* [Your task] Repeat the lines below exactly as they appear, but leave out the images.

┌─ Records to process

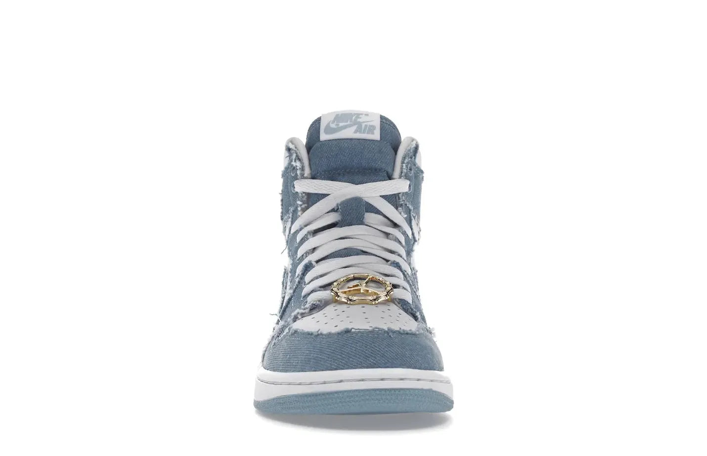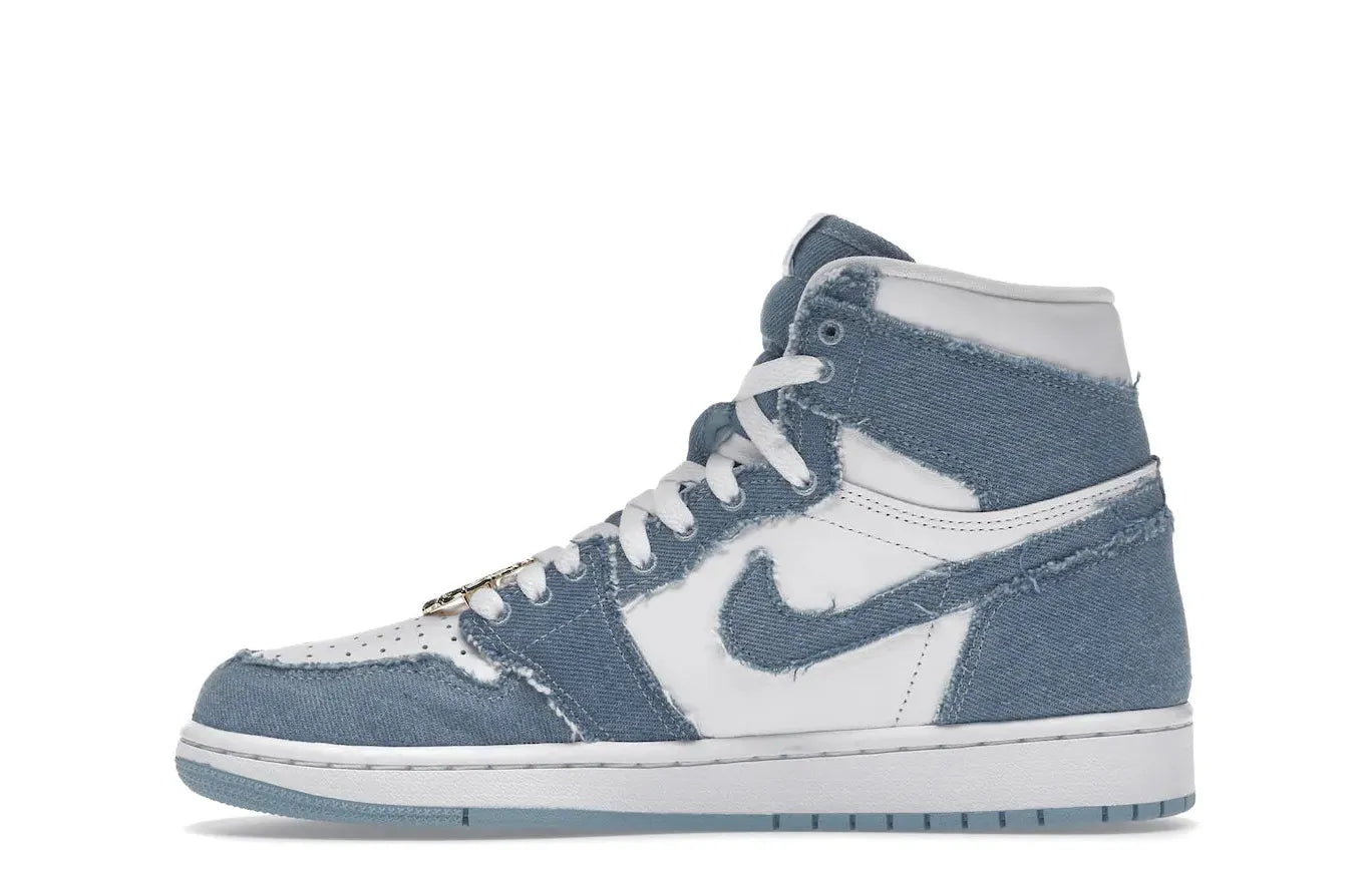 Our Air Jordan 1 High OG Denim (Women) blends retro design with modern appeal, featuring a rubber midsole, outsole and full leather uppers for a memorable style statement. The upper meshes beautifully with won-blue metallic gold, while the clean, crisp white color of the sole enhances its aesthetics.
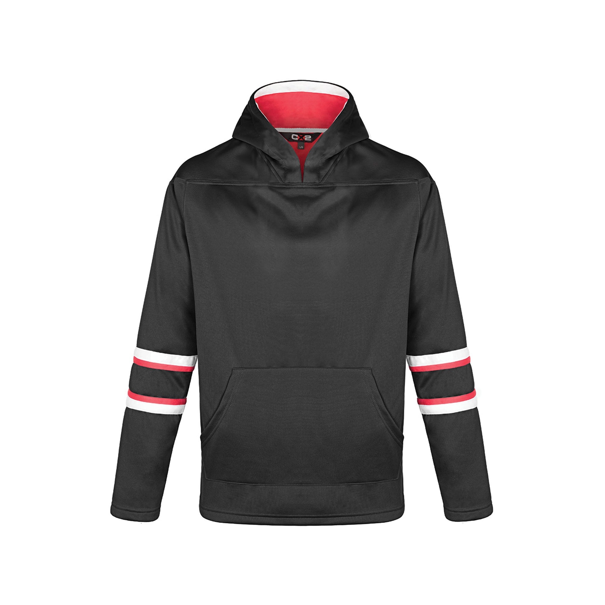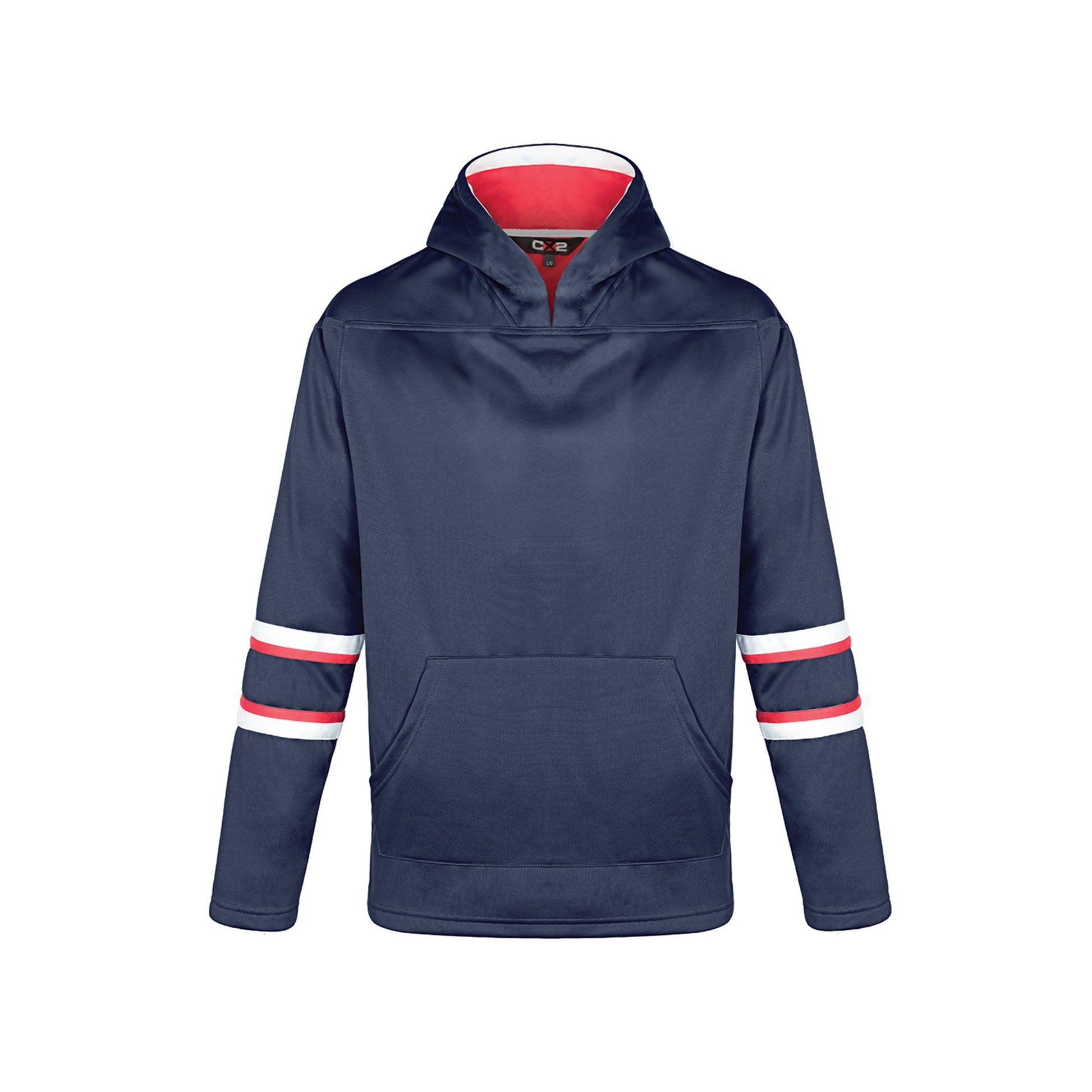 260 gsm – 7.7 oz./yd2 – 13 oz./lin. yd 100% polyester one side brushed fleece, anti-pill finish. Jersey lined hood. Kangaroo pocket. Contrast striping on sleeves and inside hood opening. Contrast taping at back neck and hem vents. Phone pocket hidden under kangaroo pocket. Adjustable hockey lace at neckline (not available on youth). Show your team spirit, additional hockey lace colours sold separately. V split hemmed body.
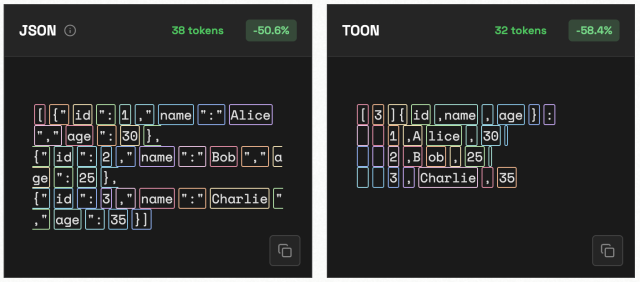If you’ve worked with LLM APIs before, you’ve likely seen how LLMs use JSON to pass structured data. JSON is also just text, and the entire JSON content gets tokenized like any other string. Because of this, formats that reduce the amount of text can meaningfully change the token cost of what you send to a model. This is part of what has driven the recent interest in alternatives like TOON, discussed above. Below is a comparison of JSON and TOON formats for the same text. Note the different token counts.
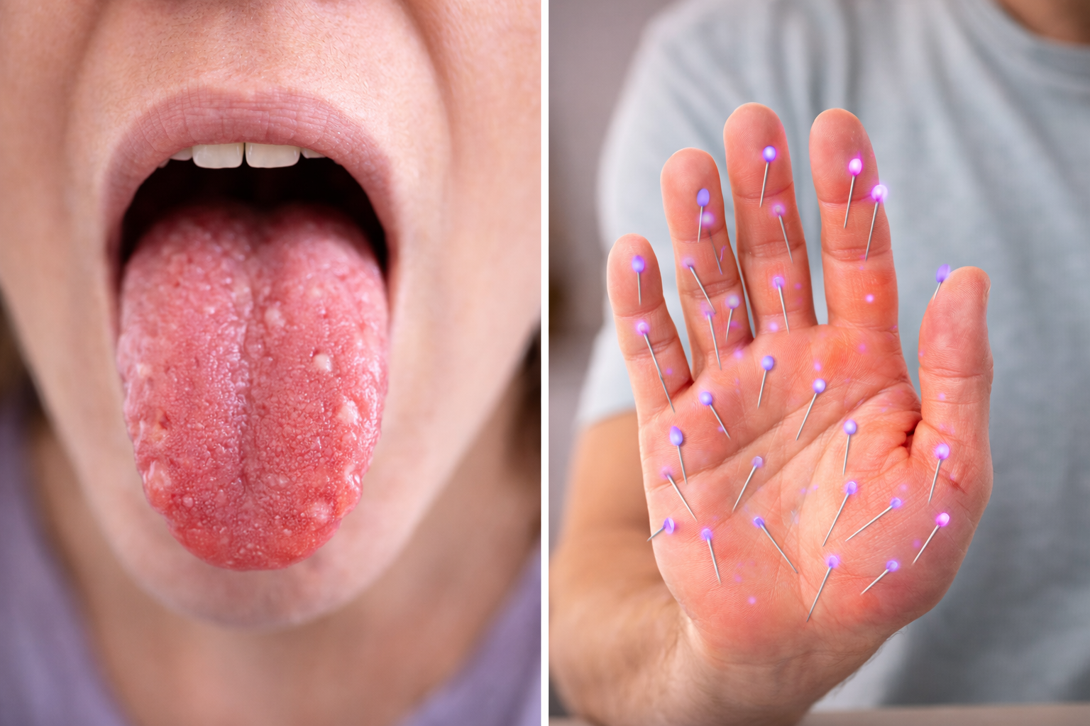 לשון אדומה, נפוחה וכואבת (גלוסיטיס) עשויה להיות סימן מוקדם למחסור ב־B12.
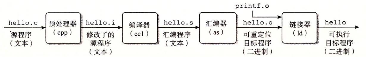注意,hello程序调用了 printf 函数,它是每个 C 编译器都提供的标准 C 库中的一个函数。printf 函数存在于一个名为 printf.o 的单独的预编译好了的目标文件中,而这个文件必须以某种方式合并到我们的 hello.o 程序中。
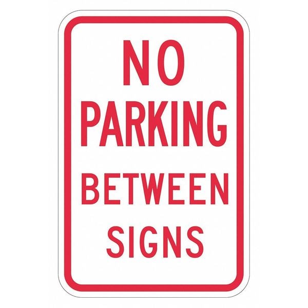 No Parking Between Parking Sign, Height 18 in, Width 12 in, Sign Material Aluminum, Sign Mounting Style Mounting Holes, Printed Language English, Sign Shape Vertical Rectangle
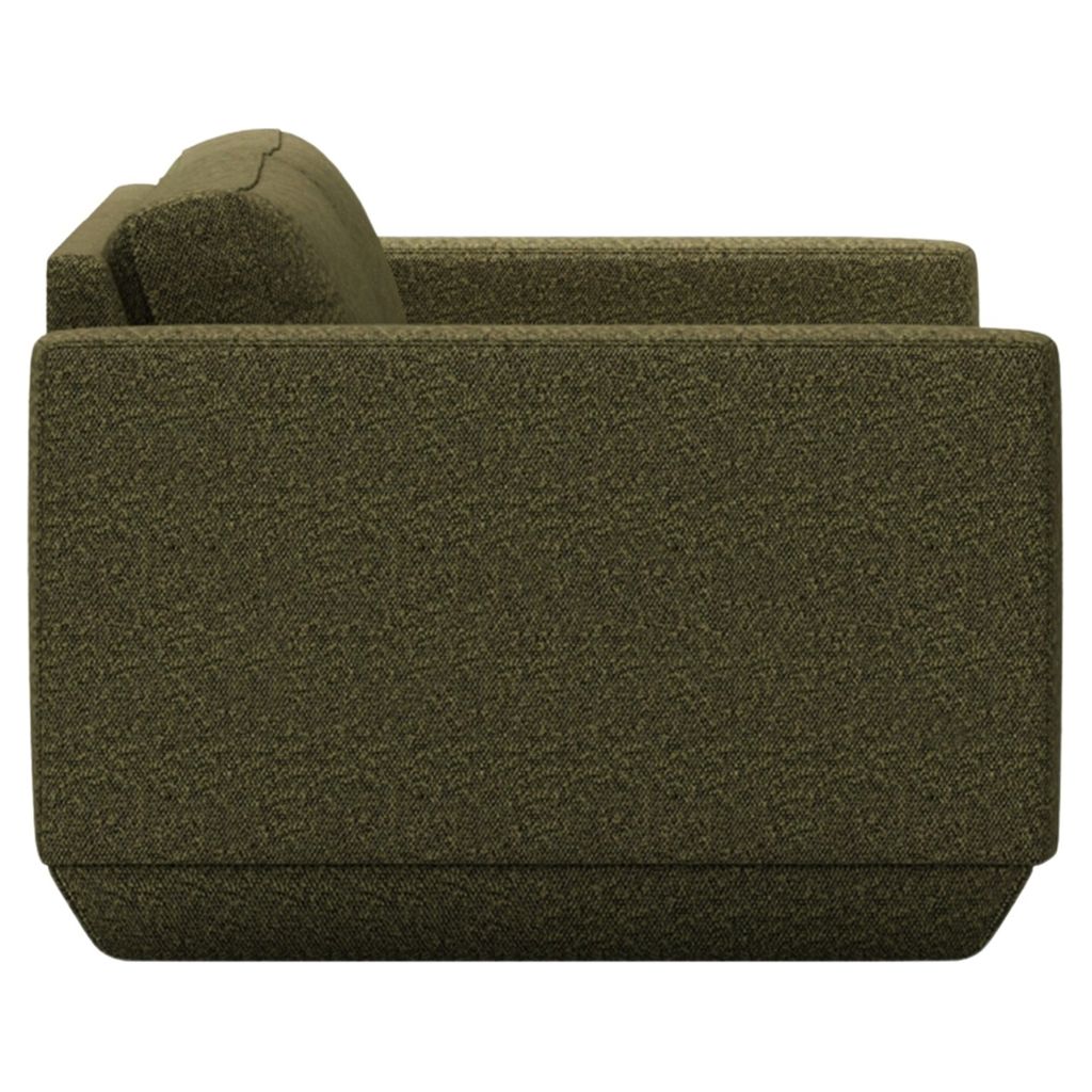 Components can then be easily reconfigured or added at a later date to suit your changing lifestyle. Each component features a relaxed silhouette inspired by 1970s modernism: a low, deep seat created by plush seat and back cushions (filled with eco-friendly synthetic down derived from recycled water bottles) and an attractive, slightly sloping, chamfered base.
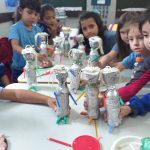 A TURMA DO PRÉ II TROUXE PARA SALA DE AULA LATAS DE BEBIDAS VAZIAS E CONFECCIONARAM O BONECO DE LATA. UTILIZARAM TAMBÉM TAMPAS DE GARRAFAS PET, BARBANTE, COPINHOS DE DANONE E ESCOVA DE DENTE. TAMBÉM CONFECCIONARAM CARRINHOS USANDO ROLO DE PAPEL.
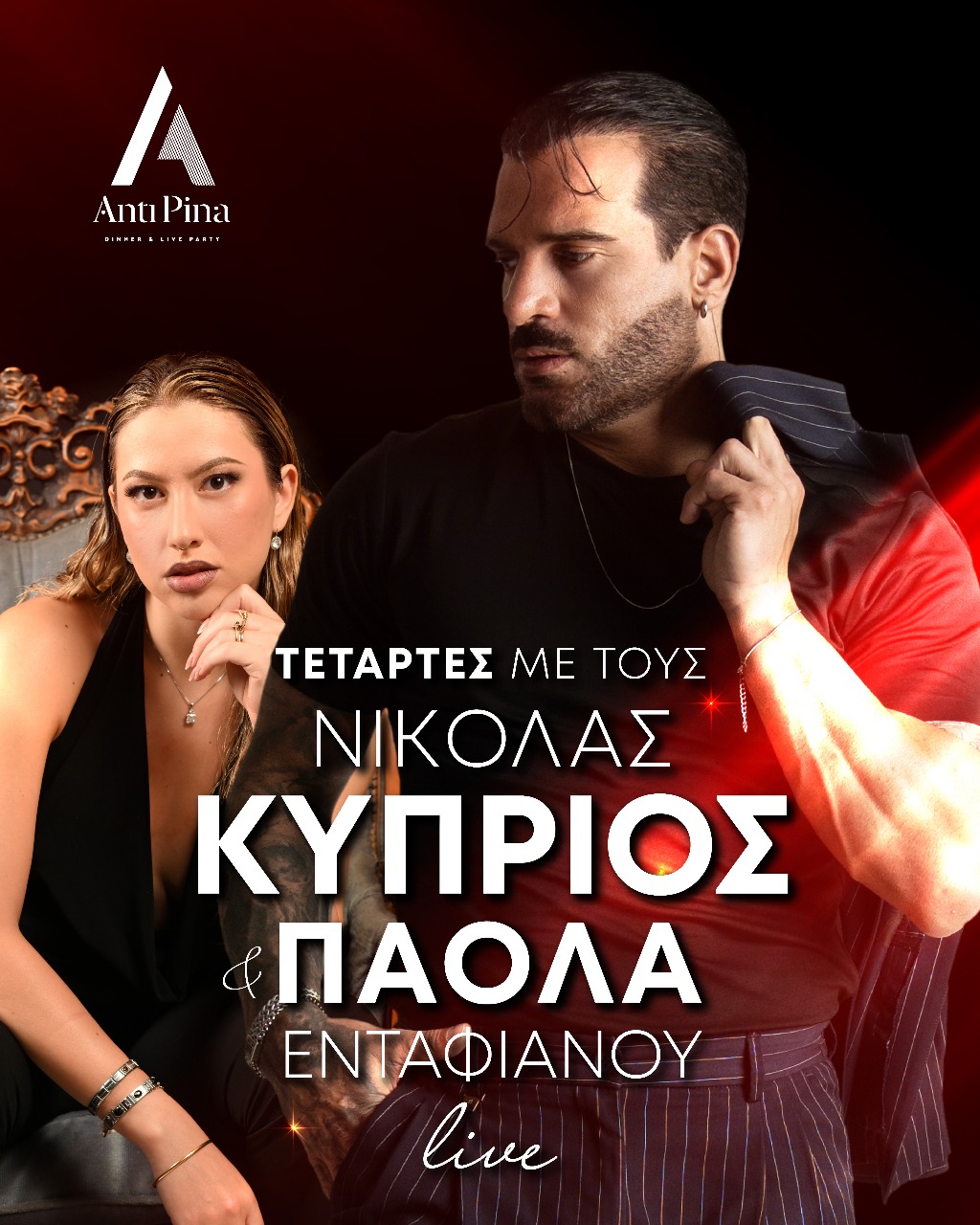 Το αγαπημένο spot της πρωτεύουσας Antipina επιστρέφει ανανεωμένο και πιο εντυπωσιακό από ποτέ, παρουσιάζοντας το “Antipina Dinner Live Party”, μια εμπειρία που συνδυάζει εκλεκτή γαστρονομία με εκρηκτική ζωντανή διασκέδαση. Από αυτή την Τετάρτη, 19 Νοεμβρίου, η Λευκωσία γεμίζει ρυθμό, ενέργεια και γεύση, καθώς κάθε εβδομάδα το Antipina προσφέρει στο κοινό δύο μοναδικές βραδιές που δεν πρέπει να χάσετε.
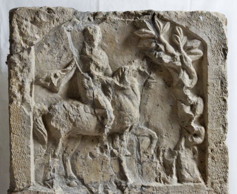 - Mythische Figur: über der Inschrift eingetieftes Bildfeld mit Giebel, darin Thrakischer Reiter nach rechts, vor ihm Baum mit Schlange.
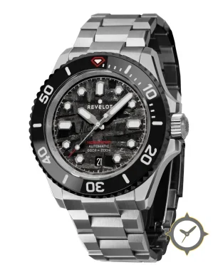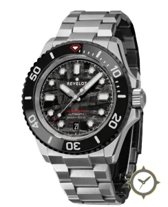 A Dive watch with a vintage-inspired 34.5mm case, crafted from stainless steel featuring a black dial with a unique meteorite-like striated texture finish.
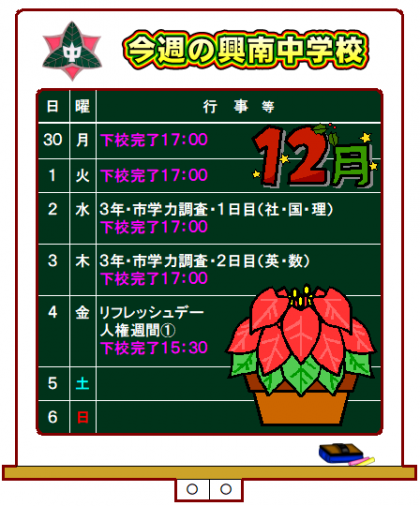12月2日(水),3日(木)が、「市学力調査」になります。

└─

* [Your response]
 Our Air Jordan 1 High OG Denim (Women) blends retro design with modern appeal, featuring a rubber midsole, outsole and full leather uppers for a memorable style statement. The upper meshes beautifully with won-blue metallic gold, while the clean, crisp white color of the sole enhances its aesthetics.
 260 gsm – 7.7 oz./yd2 – 13 oz./lin. yd 100% polyester one side brushed fleece, anti-pill finish. Jersey lined hood. Kangaroo pocket. Contrast striping on sleeves and inside hood opening. Contrast taping at back neck and hem vents. Phone pocket hidden under kangaroo pocket. Adjustable hockey lace at neckline (not available on youth). Show your team spirit, additional hockey lace colours sold separately. V split hemmed body.
If you’ve worked with LLM APIs before, you’ve likely seen how LLMs use JSON to pass structured data. JSON is also just text, and the entire JSON content gets tokenized like any other string. Because of this, formats that reduce the amount of text can meaningfully change the token cost of what you send to a model. This is part of what has driven the recent interest in alternatives like TOON, discussed above. Below is a comparison of JSON and TOON formats for the same text. Note the different token counts.
 לשון אדומה, נפוחה וכואבת (גלוסיטיס) עשויה להיות סימן מוקדם למחסור ב־B12.
注意,hello程序调用了 printf 函数,它是每个 C 编译器都提供的标准 C 库中的一个函数。printf 函数存在于一个名为 printf.o 的单独的预编译好了的目标文件中,而这个文件必须以某种方式合并到我们的 hello.o 程序中。
 No Parking Between Parking Sign, Height 18 in, Width 12 in, Sign Material Aluminum, Sign Mounting Style Mounting Holes, Printed Language English, Sign Shape Vertical Rectangle
 Components can then be easily reconfigured or added at a later date to suit your changing lifestyle. Each component features a relaxed silhouette inspired by 1970s modernism: a low, deep seat created by plush seat and back cushions (filled with eco-friendly synthetic down derived from recycled water bottles) and an attractive, slightly sloping, chamfered base.
 A TURMA DO PRÉ II TROUXE PARA SALA DE AULA LATAS DE BEBIDAS VAZIAS E CONFECCIONARAM O BONECO DE LATA. UTILIZARAM TAMBÉM TAMPAS DE GARRAFAS PET, BARBANTE, COPINHOS DE DANONE E ESCOVA DE DENTE. TAMBÉM CONFECCIONARAM CARRINHOS USANDO ROLO DE PAPEL.
 Το αγαπημένο spot της πρωτεύουσας Antipina επιστρέφει ανανεωμένο και πιο εντυπωσιακό από ποτέ, παρουσιάζοντας το “Antipina Dinner Live Party”, μια εμπειρία που συνδυάζει εκλεκτή γαστρονομία με εκρηκτική ζωντανή διασκέδαση. Από αυτή την Τετάρτη, 19 Νοεμβρίου, η Λευκωσία γεμίζει ρυθμό, ενέργεια και γεύση, καθώς κάθε εβδομάδα το Antipina προσφέρει στο κοινό δύο μοναδικές βραδιές που δεν πρέπει να χάσετε.
 - Mythische Figur: über der Inschrift eingetieftes Bildfeld mit Giebel, darin Thrakischer Reiter nach rechts, vor ihm Baum mit Schlange.
 A Dive watch with a vintage-inspired 34.5mm case, crafted from stainless steel featuring a black dial with a unique meteorite-like striated texture finish.
12月2日(水),3日(木)が、「市学力調査」になります。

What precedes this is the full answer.